Sheila Hicks - Art Textile
Le textile, la tapisserie, la broderie, voilà autant de médiums ancestraux et multi-millénaires longtemps considérés comme des activités ou des passe-temps exclusivement féminins. Le travail du fil et de l’aiguille, associés à l’univers domestique auquel une grande majorité de femmes ont été assignées pendant des siècles, cristallise l’ambivalence de ce médium, à la fois symbole d’exclusion et de savoir-faire spécifiquement féminin. Homère, dans l’Odyssée, donne d’ailleurs au personnage de Pénélope, qui tisse et détisse son ouvrage à l’infini, une représentation archétypale du féminin : patience, obéissance, modestie et invisibilité.
Mais, petit à petit, les artistes-femmes du monde entier apprennent à détourner le travail du fil : d’instrument d’oppression méprisé, il devient instrument de leur libération. Il faudra encore attendre la fin des années 60, et l’exposition Wall Hanging présentée au Museum of Modern Art de New York, pour que des œuvres textiles soient exposées dans un musée d’art. Ce seront des artistes comme Sheila Hicks (née en 1934) qui décideront de se réapproprier ce médium et d’en redéfinir le langage codifié. Son travail mariant à la fois traditions non occidentales, formes typiques du modernisme, couleurs, matières et textures, tout en remettant en cause les catégories artistiques et leurs hiérarchies convenues.

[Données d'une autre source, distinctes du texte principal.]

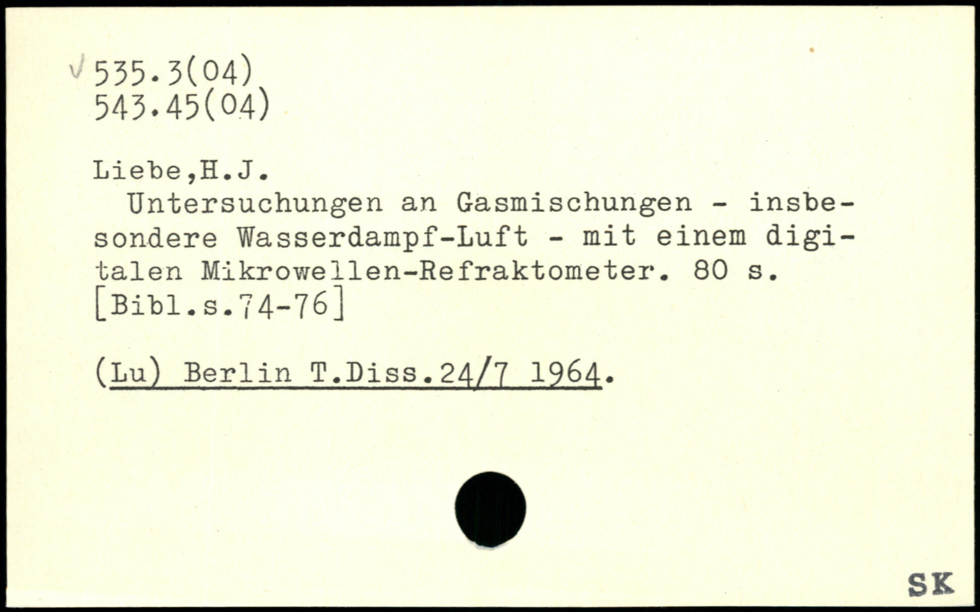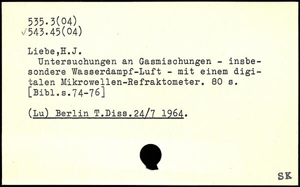 Untersuchungen an Gasmischungen - insbesondere Wasserdampf-Luft - mit einem digitalen Mikrowellen-Refraktometer.

De petits ouvrages discrets sur lesquels on se penche minutieusement et inlassablement les œuvres deviennent monumentales. Elles s’affranchissent des murs, envahissent l’espace et se détournent de la technique traditionnelle. C’est ce qu’Aline Dallier (née en 1927), une des premières historiennes de l’art en France à s’intéresser à l’art des femmes, nomme dans les années 1960 “l’art textile” ou le “Soft Art”, et les femmes qui le pratiquent, les “Nouvelles Pénélope”.